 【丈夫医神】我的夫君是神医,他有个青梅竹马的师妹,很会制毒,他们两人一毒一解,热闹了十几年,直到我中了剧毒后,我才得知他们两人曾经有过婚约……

---------------

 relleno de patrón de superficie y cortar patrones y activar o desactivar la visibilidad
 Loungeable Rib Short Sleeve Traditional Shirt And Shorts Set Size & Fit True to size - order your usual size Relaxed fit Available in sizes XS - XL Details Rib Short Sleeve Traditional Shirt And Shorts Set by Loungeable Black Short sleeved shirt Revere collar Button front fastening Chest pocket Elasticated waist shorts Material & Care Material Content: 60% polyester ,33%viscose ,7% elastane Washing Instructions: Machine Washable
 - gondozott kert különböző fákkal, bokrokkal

---------------

### REQUIRED WORK
Using the entries above, give again exactly the lines from the line holding "relleno de patrón" through the line holding "- gondozott kert különböző fákkal, bokrokkal". Include both end lines and nothing else.

### ANSWER TO THIS TASK
 relleno de patrón de superficie y cortar patrones y activar o desactivar la visibilidad
 Loungeable Rib Short Sleeve Traditional Shirt And Shorts Set Size & Fit True to size - order your usual size Relaxed fit Available in sizes XS - XL Details Rib Short Sleeve Traditional Shirt And Shorts Set by Loungeable Black Short sleeved shirt Revere collar Button front fastening Chest pocket Elasticated waist shorts Material & Care Material Content: 60% polyester ,33%viscose ,7% elastane Washing Instructions: Machine Washable
 - gondozott kert különböző fákkal, bokrokkal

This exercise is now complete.